╭─ LISTED RECORDS

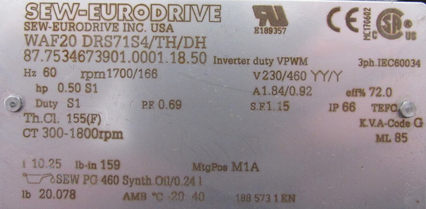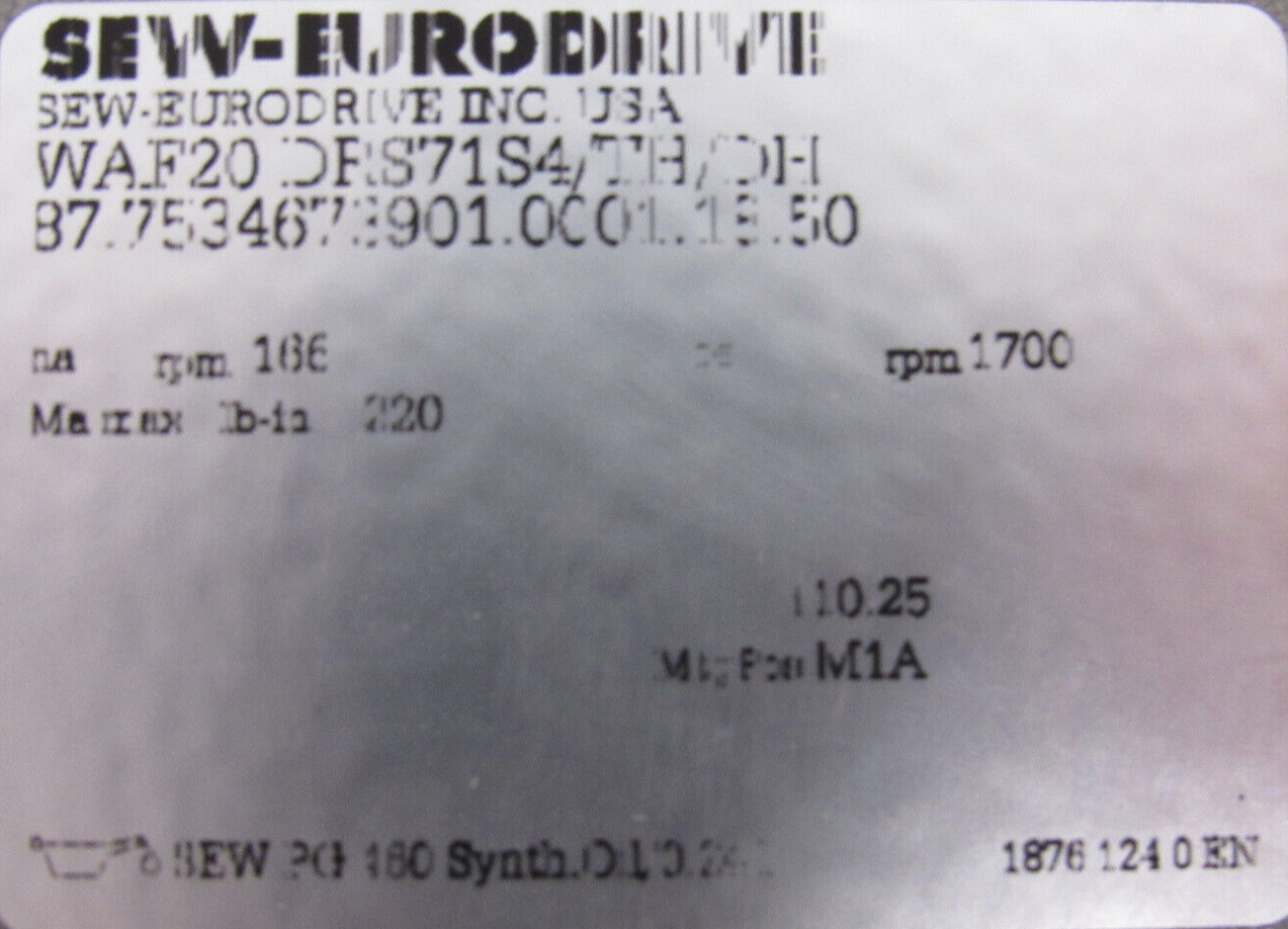 NEW SEW EURODRIVE WAF20DRS71S4/TH/DH GEARMOTOR 10.25:1 230/460V
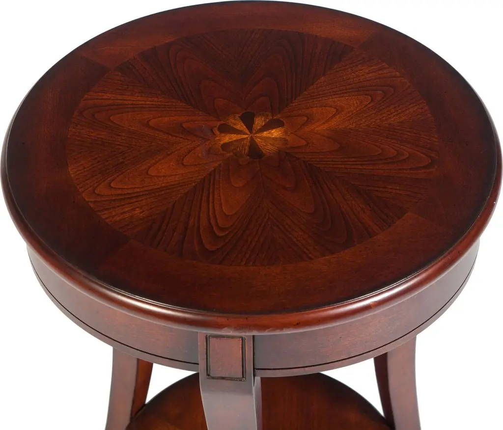 The Higgins Round Side Table is perfect for any living space, featuring an exceptional blend of wood using select solids and choice veneers. It includes a lower shelf for storage, adding a contemporary feel to your decor.
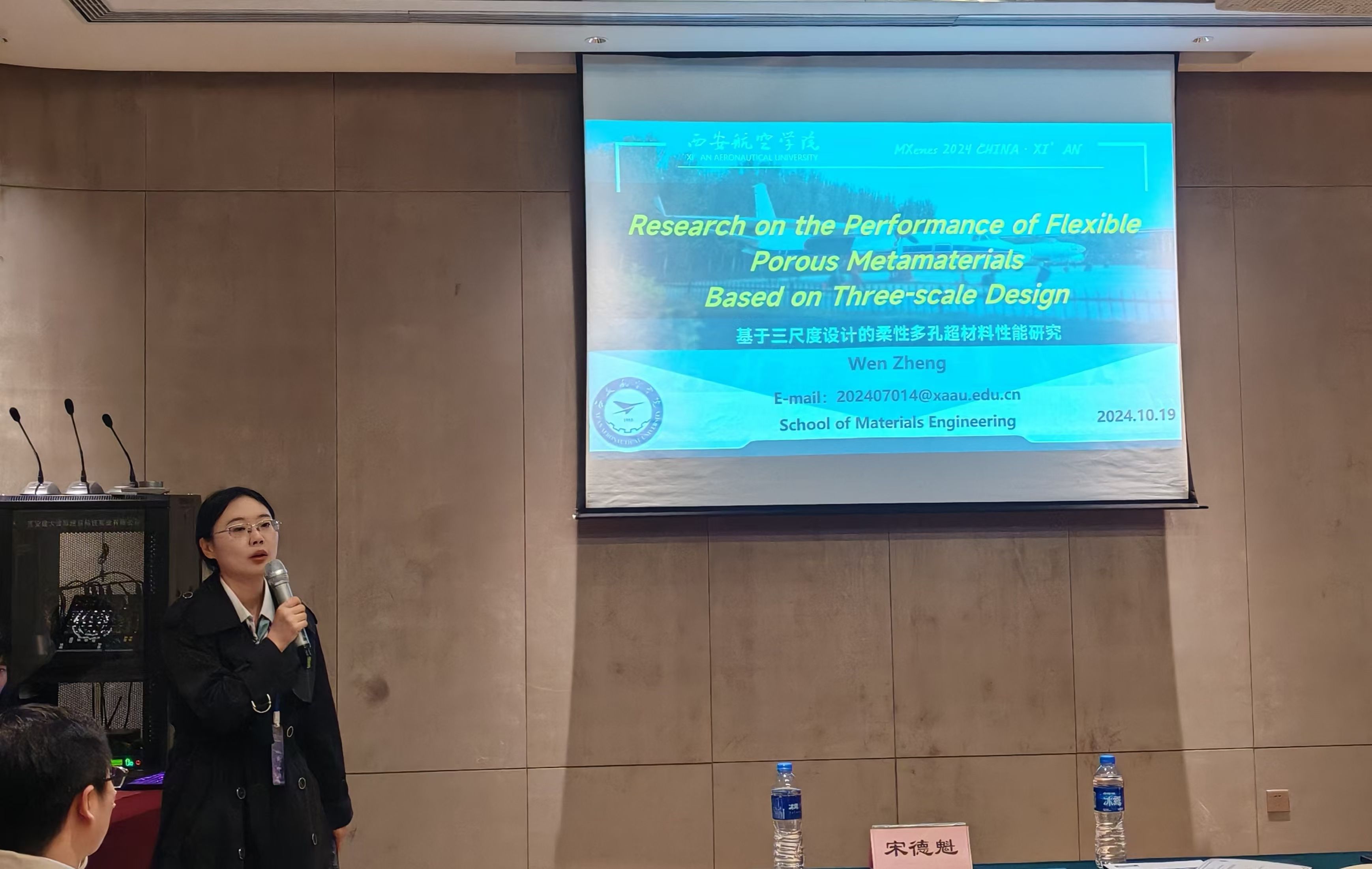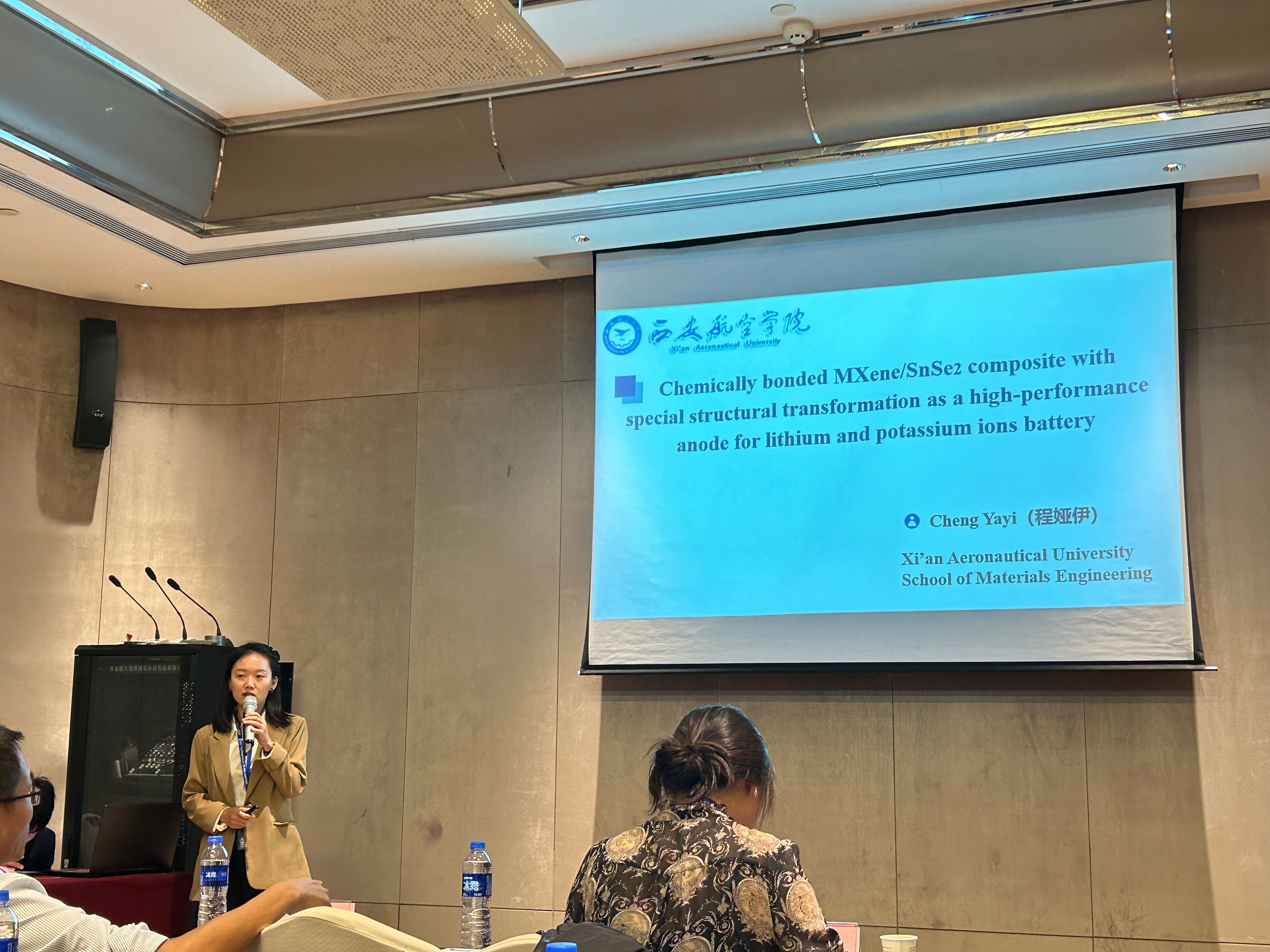 在本次会议上,pp电子游戏官网的两位教师——程娅伊和郑文,分别就各自的研究领域进行了学术报告,展示了学院在材料科学领域的最新研究成果。程娅伊老师作了题为《Chemically bonded MXene/SnSe2 composite with special structural transformation as a high-performance anode for lithium and potassium ions battery》的报告。主要聚焦于通过化学键合MXene/SnSe₂复合材料,利用其特殊的结构转变来提升锂离子和钾离子电池的性能。此项研究不仅为新型电池材料的设计提供了全新的思路,也为未来高性能储能装置的开发奠定了理论基础。郑文老师则带来了题为《Research on the Performance of Flexible Porous Metamaterials Based on Three-scale Design》的报告,分享了在基于三维尺度设计的柔性多孔超材料性能研究方面的最新进展。此项研究对于航空材料的轻质化、柔性化以及多功能化具有重要的应用前景,对于提升材料的结构功能一体化具有深远意义。
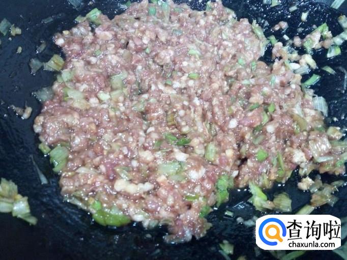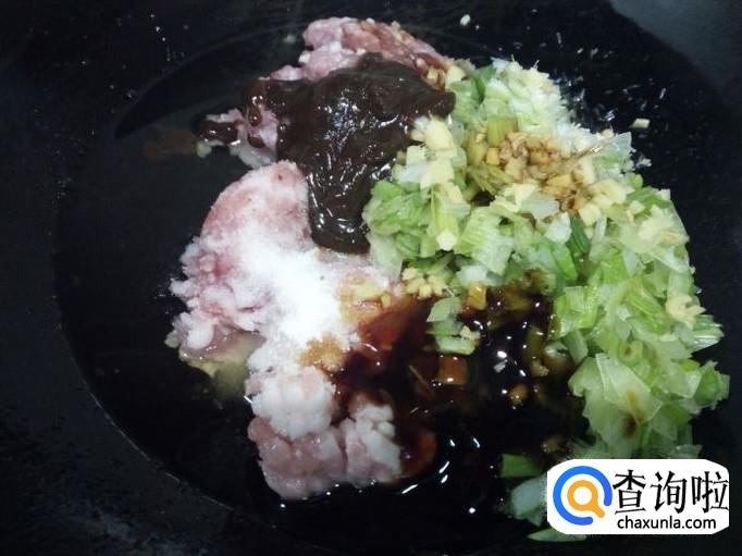 猪肉切成碎末,也可以购买现成的肉馅,我用的是购买现成的肉馅。
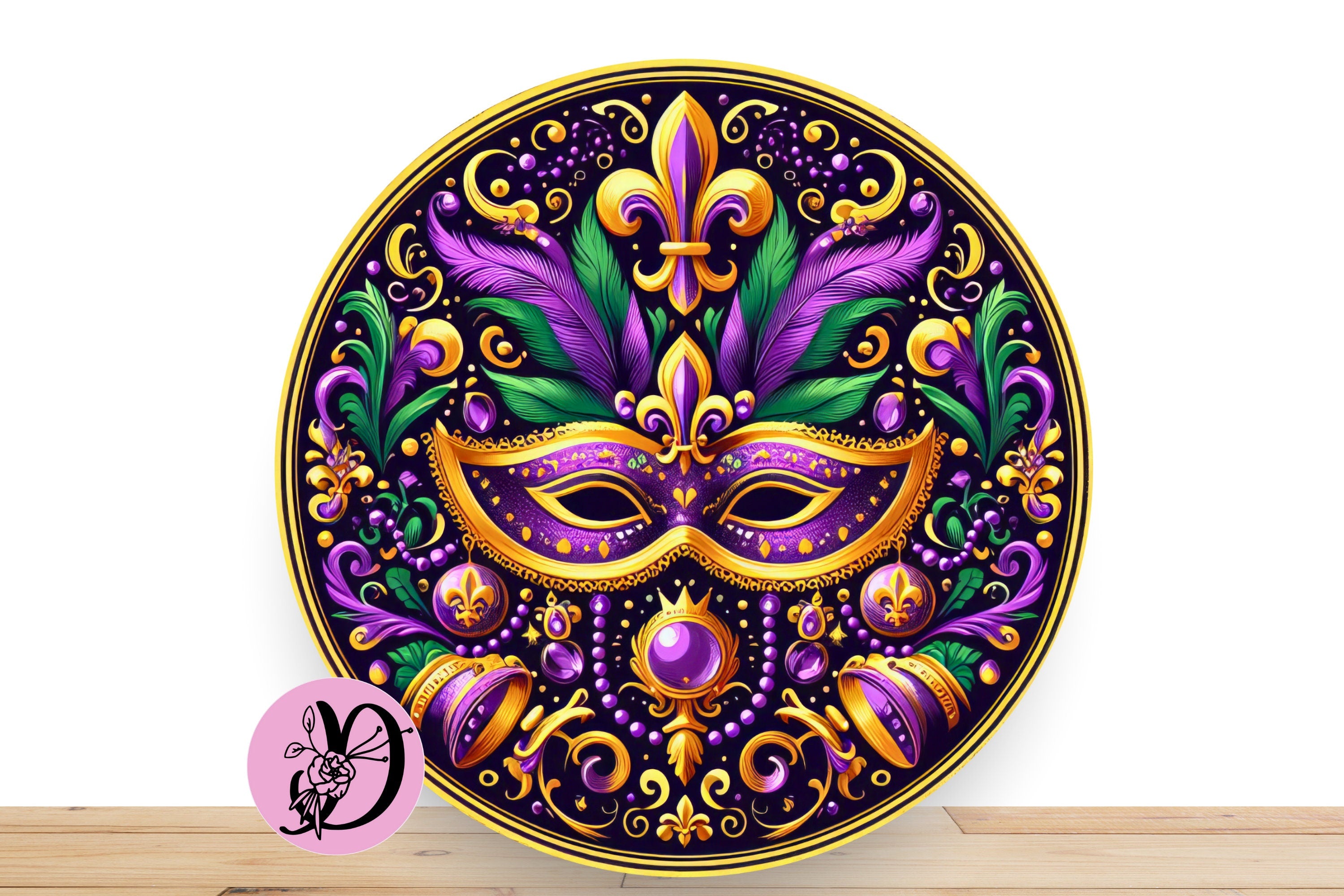 Celebrate the vibrant spirit of Mardi Gras with this stunning wreath sign featuring a purple and gold masquerade mask, fleur-de-lis accents, and festive beads. Perfect for doors, walls, or party decor, this sign brings the essence of New Orleans to your space.
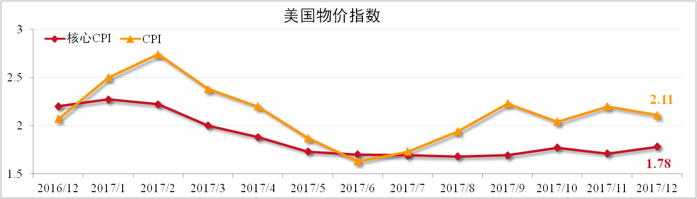12月美國CPI為2.11%,較上月下滑0.09個百分點。剔除能源和食品的核心CPI為1.78,較上月擴大0.07,超出市場預期。2017年全年美國零售銷售增長4.2%,為3年最大漲幅。
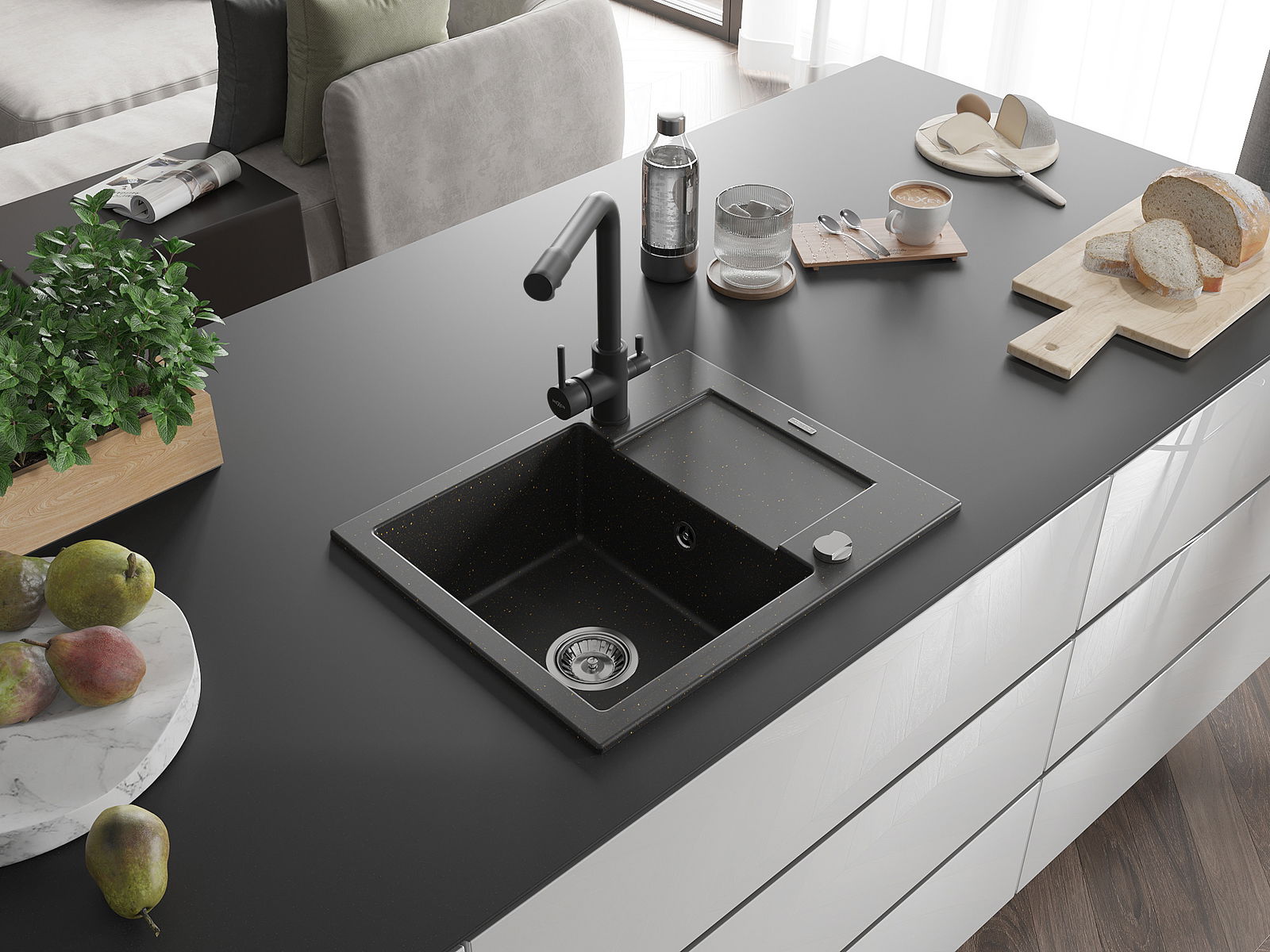 Mexen Enzo гранитна кухненска мивка с 1 корито, с отцедник и кухненски

╰─

◆ WHAT THE EXERCISE ASKS ◆
Repeat the records above word for word, keeping no pictures in the copy.

◆ EXERCISE RESULT ◆
 NEW SEW EURODRIVE WAF20DRS71S4/TH/DH GEARMOTOR 10.25:1 230/460V
 The Higgins Round Side Table is perfect for any living space, featuring an exceptional blend of wood using select solids and choice veneers. It includes a lower shelf for storage, adding a contemporary feel to your decor.
 在本次会议上,pp电子游戏官网的两位教师——程娅伊和郑文,分别就各自的研究领域进行了学术报告,展示了学院在材料科学领域的最新研究成果。程娅伊老师作了题为《Chemically bonded MXene/SnSe2 composite with special structural transformation as a high-performance anode for lithium and potassium ions battery》的报告。主要聚焦于通过化学键合MXene/SnSe₂复合材料,利用其特殊的结构转变来提升锂离子和钾离子电池的性能。此项研究不仅为新型电池材料的设计提供了全新的思路,也为未来高性能储能装置的开发奠定了理论基础。郑文老师则带来了题为《Research on the Performance of Flexible Porous Metamaterials Based on Three-scale Design》的报告,分享了在基于三维尺度设计的柔性多孔超材料性能研究方面的最新进展。此项研究对于航空材料的轻质化、柔性化以及多功能化具有重要的应用前景,对于提升材料的结构功能一体化具有深远意义。
 猪肉切成碎末,也可以购买现成的肉馅,我用的是购买现成的肉馅。
 Celebrate the vibrant spirit of Mardi Gras with this stunning wreath sign featuring a purple and gold masquerade mask, fleur-de-lis accents, and festive beads. Perfect for doors, walls, or party decor, this sign brings the essence of New Orleans to your space.
12月美國CPI為2.11%,較上月下滑0.09個百分點。剔除能源和食品的核心CPI為1.78,較上月擴大0.07,超出市場預期。2017年全年美國零售銷售增長4.2%,為3年最大漲幅。
 Mexen Enzo гранитна кухненска мивка с 1 корито, с отцедник и кухненски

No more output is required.